# 主流程文件 Main Training Script

> 主训练脚本入口，调用各模块进行模型训练
> 
> The main entry point for running training, orchestrating all modules for model training

## 简介/Description:
main 模块是项目的主训练入口。它结合了 core 模块中的任务定义和 data 模块中的数据加载功能，通过调用 PyTorch Lightning 的 Trainer 对模型进行训练。用户可以通过配置类快速切换不同的数据集、模型和训练策略，灵活完成实验任务。

The main module serves as the primary entry point for training. It combines task definitions from the core module and data loading from the data module to execute model training via PyTorch Lightning’s Trainer.

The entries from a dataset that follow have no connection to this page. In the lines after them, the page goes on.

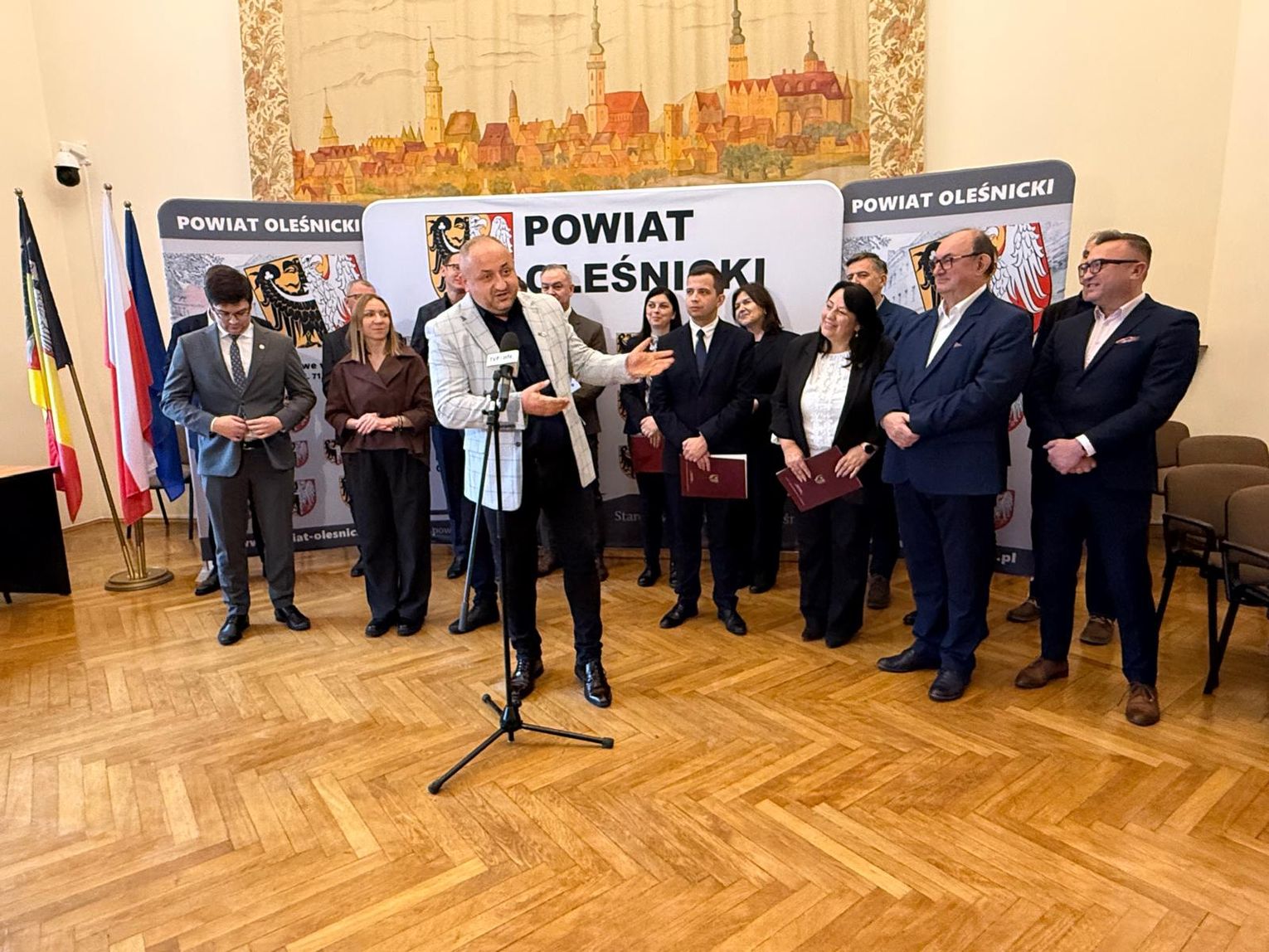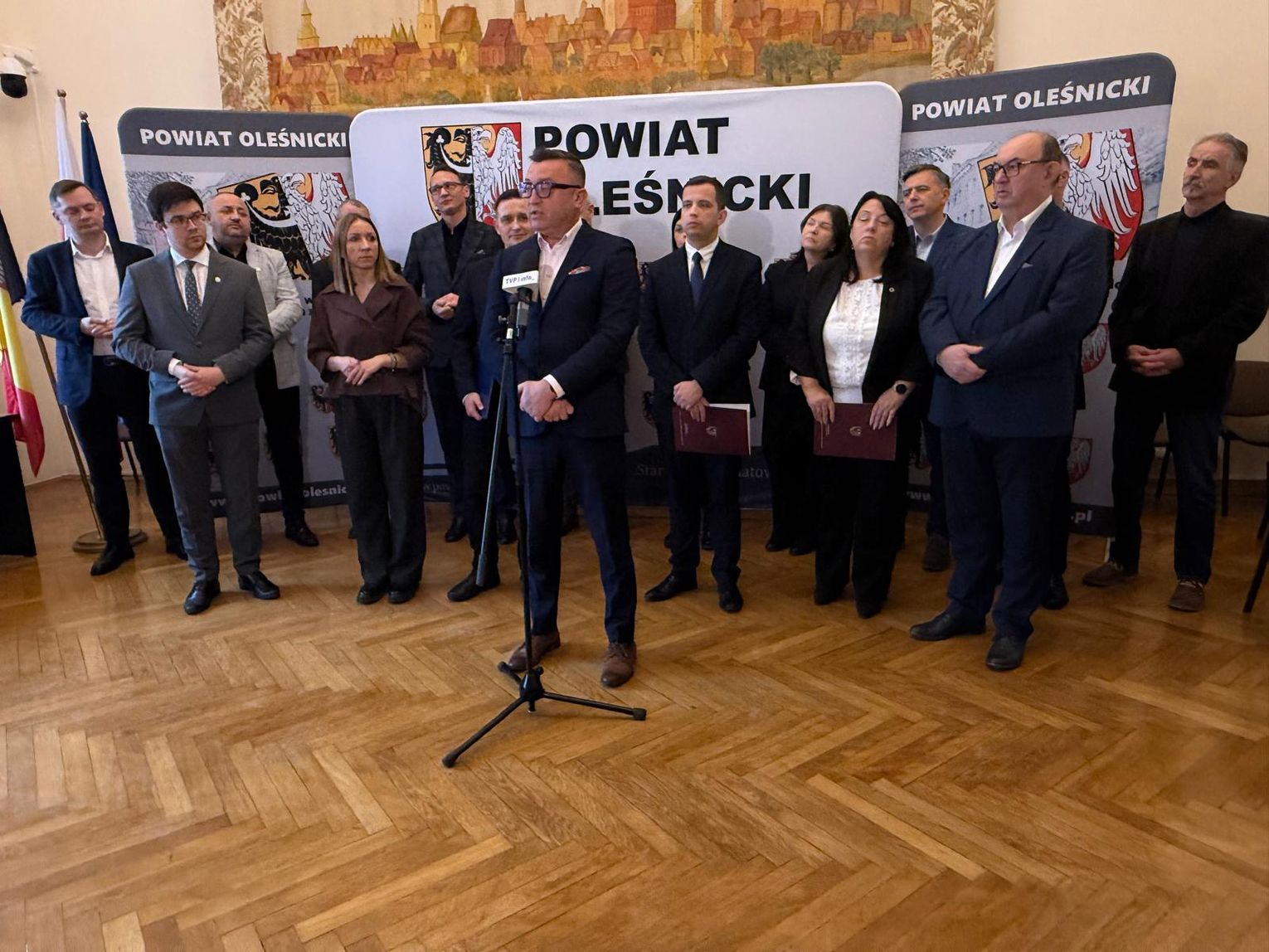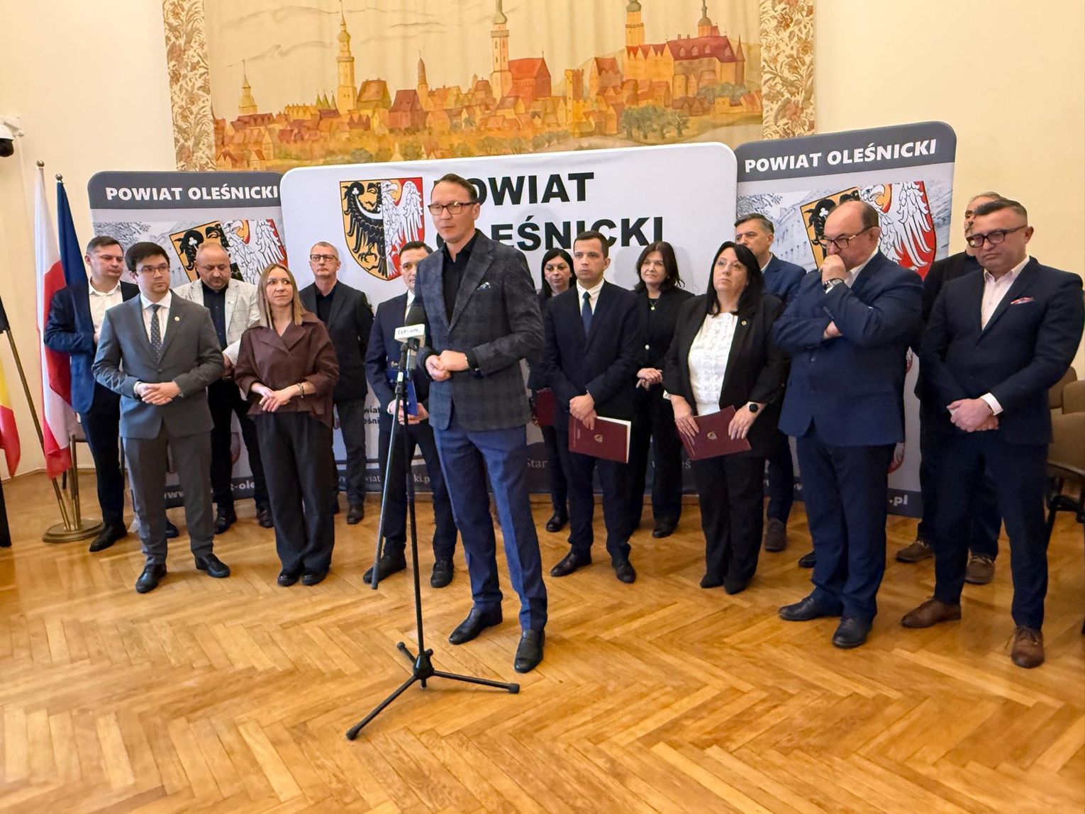 Władze Powiatu Oleśnickiego reprezentowali: starosta Wioletta Efinowicz, przewodniczący Rady Jan Bronś, wicestarosta Sławomir Kapica oraz członkowie Zarządu: Maria Susidko, Wojciech Paszkowski i Marcin Gręda. Konferencję prowadził Wojciech Paszkowski.
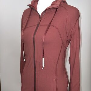 This is my absolute favorite piece by LULULEMON! The HOODED DEFINE JACKET IN NULU FABRIC IN COLOR SMRD (Smoky Red). Its buttery soft fabric is weightless and the color is gorgeous. Size 8
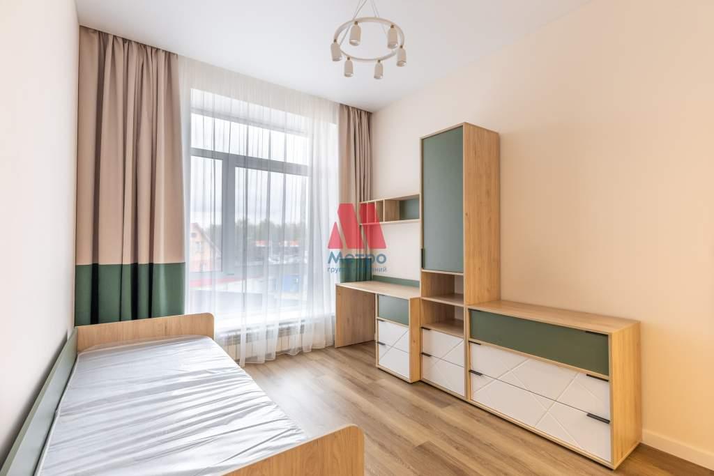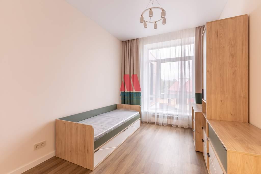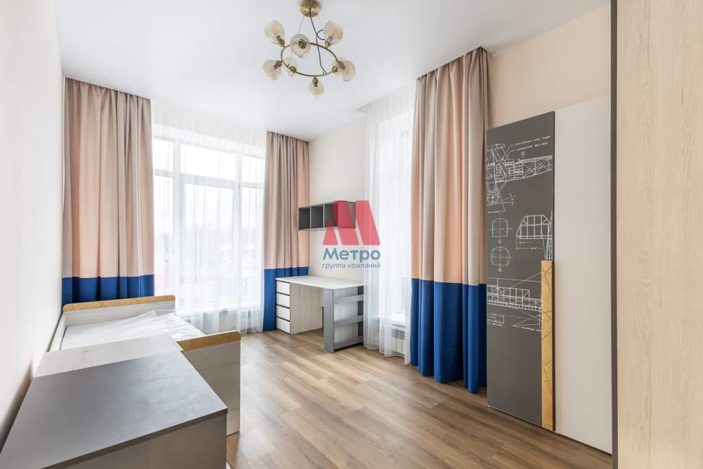 Здесь расположена просторная родительская спальня с вместительной гардеробной системой и две детские комнаты, полностью готовые к проживанию. У детей есть всё: письменные столы, системы хранения и полки для книг.
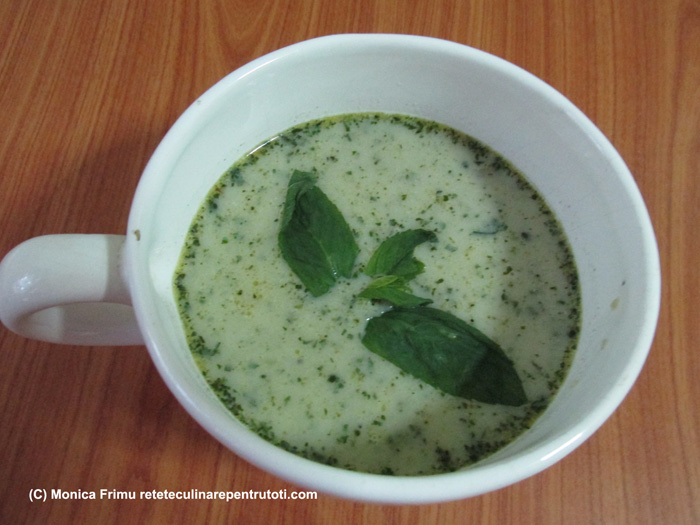– 200 g castraveți, 100 g cartofi, 1 ceapă, 1 cățel de usturoi mare, 1 lingură unt, 250 ml lapte, 1 linguriță chimion, 1 linguriță piper negru măcinat, 750 ml apă, 10 g frunze de mentă proaspătă (o mână), sare, zahăr

Users can flexibly switch between different datasets, models, and training strategies through configuration classes to perform experiments.

## 主要符号/Main symbols:

- Trainer: PyTorch Lightning 的训练控制器，用于管理训练过程。  
  
  Trainer: The PyTorch Lightning controller for managing the training process.

- ClassificationTask: 从 core 导入，用于模型训练的主要任务类。
  
  ClassificationTask: Imported from core, the primary task class for model training.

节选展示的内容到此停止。